I did get that right that Docker is no longer required on the host when you use an alternative CRI-based runtime?

yes, that should be the case.

fhemberger commented 5 years ago

Looking at /lib/systemd/system/kubelet.service, there are no options passed to the kubelet.

[Unit]
Description=kubelet: The Kubernetes Node Agent
Documentation=https://kubernetes.io/docs/home/

[Service]
ExecStart=/usr/bin/kubelet
Restart=always
StartLimitInterval=0
RestartSec=10

[Install]
WantedBy=multi-user.target

Output of kubelet -v=2 and explicitly passing kubelet --config=/var/lib/kubelet/config.yaml -v=2 is the same (still using the default --container-runtime="docker").
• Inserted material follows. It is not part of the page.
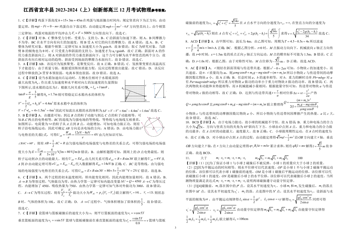 江西省宜春市宜丰中学2024届高三上学期12月月考 物理答案

Only passing the values of KUBELET_KUBEADM_ARGSdirectly does the trick (manually copied from /var/lib/kubelet/kubeadm-flags.env):

kubelet -v=2 \
  --container-runtime=remote \
  --container-runtime-endpoint=/var/run/crio/crio.sock \
  --resolv-conf=/run/systemd/resolve/resolv.conf

I get a deprecation warning:

util_unix.go:77] Using "/var/run/crio/crio.sock" as endpoint is deprecated, please consider using full url format "unix:///var/run/crio/crio.sock".

and afterwards, I'm running into https://github.com/kubernetes/kubernetes/issues/56850, which seems to be resolved by https://github.com/kubernetes/kubernetes/issues/56850#issuecomment-406241077, and a whole bunch of other issues, but that's a different matter.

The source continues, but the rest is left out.